This study introduces a novel method to fuse multi-dimensional crowdsourced data for improved indoor localization accuracy. The technique leverages sensory data features to create consistent time and location stamps, enhancing Internet of Things (IoT) services.
Area of Science:
- Computer Science
- Electrical Engineering
- Geomatics Engineering
Background:
- Indoor location-based technology is crucial for modern transportation and the Internet of Things (IoT).
- Crowdsourcing is increasingly used to improve indoor localization accuracy and efficiency.
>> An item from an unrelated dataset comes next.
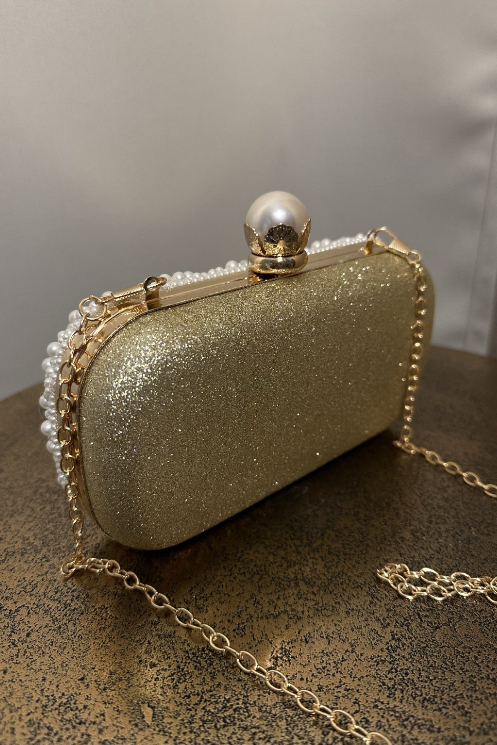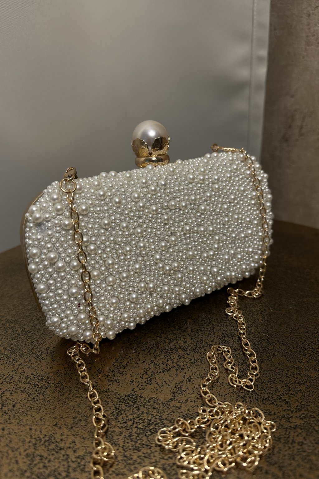 Táto luxusná kabelka s perlami a elegantným zlatým podkladom je dokonalým doplnkom na svadby, plesy a exkluzívne večierky. Jej perlový povrch a štýlové kovové zapínanie dodávajú kabelke jedinečný šarm a eleganciu.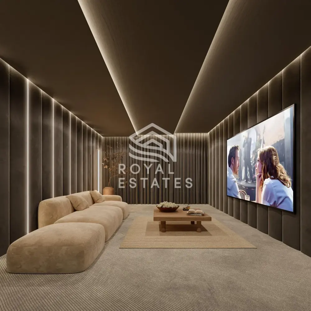 Met een woonoppervlak van 423 m² op een perceel van 812 m² is de villa opgebouwd rond strakke lijnen, lichte interieurs en royale plafondhoogtes van 3,75 tot 3,85 meter. De architectuur kenmerkt zich door witte pleistergevels met details van natuurlijk hout, open leefruimtes en een moderne keuken die het middelpunt vormt voor samenzijn met familie en vrienden. Vijf tweepersoonsslaapkamers, elk met een eigen en-suite badkamer, bieden volop comfort en privacy. De master suite beschikt bovendien over een vrijstaand bad voor totale ontspanning.

- Challenges exist in fusing heterogeneous crowdsourced data due to variations in collection parameters (users, locations, time, noise).
Purpose of the Study:
- To address the limitations of existing data fusion methods in crowdsourced indoor localization.
- To propose a general solution for fusing multi-dimensional crowdsourced data.
- To enhance the quality of crowdsourcing services by aligning data with consistent time and location stamps.
Main Methods:
- A novel data fusion approach utilizing only sensory data features.
- Alignment of multi-dimensional crowdsourced data with consistent time and location stamps.
- Development of a method to build high-quality crowdsourcing services from raw data.
Main Results:
- The proposed method effectively fuses multi-dimensional crowdsourced data.
- Consistent time and location stamping is achieved using sensory data features.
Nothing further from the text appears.